Let us now assume the circuit shall be designed for e.g. 5A output current and we want the regulator IC to contribute 0.8A at 5A output current (leaving 0.2A margin for tolerances). This means the transistor needs to contribute 4.2A in this situation. Let us further assume the transistor's gain is 50 - not unreasonable for a power transistor. A collector current of 4.2A requires a base current of 4.2A/50=84mA.
We want the currrent through the regulator IC to be 0.8A (see above). This current flowing through R1=1.2Ω develops a voltage drop of 0.96V.
The base current to Q1 is set by R2 and the voltage drop across R2. The voltage drop is Vr2=0.96V-0.6V=0.36V. The base current is 84mA (see above). From this I get R2=0.36V/0.084A=4.3Ω.
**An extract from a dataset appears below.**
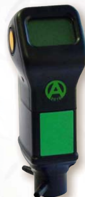
ARGON NAUGHT (IMAGE REFERENCE ONLY)

You can use e.g. a Darlington transistor to increase gain and use a higher value for R2.

 

[chopnhack]

Sorry, yes, you did.

Start with this term: 0.001A=((16.4vdc*18Ω)-0.6vdc)/R2
1) how did you derive this term?

I was using the equation you posted:
<<Harald Kapp said: ↑
The base current in this setup is approx. ib=(V(R1)-0.6V)/R2 (note that R2=16.4k may be too high resulting in too littel base current).>>

I wasn't quite sure what you were getting at with the equation. I substituted the values for V and R1 and Ib to solve for R2. At least that is what I thought the equation was for until I ended up with that large value!

When you dimension this circuit you start by defining the current where the transistor starts to take over his share of the output current.
Let's assume the regulator IC is specified for 1A (and sufficiently well cooled by a heatsink to dissipate the resulting power). A somewhat arbitrary point where the transistor could start taking over could be 1/2*Imax=0.5A. Assuming a Vbe of 0.6V for the transistor this leads to R1=0.6V/0.5A= 1.2Ω. Tweaking this value allows you to control the takeover current and to adjust for variations in Vbe of the transistor. Since my choice of 0.5A is far away from the limit of the regulator IC, we are safe here even if all tolerances work out to a higher takeover-current.

Let us now assume the circuit shall be designed for e.g. 5A output current and we want the regulator IC to contribute 0.8A at 5A output current (leaving 0.2A margin for tolerances). This means the transistor needs to contribute 4.2A in this situation. Let us further assume the transistor's gain is 50 - not unreasonable for a power transistor. A collector current of 4.2A requires a base current of 4.2A/50=84mA.
We want the currrent through the regulator IC to be 0.8A (see above). This current flowing through R1=1.2Ω develops a voltage drop of 0.96V.
The base current to Q1 is set by R2 and the voltage drop across R2. The voltage drop is Vr2=0.96V-0.6V=0.36V. The base current is 84mA (see above). From this I get R2=0.36V/0.084A=4.3Ω.

You can use e.g. a Darlington transistor to increase gain and use a higher value for R2.

I understand the relationship better. I don't feel confident enough to set up any equations to define them, but its a bit clearer. Thank you!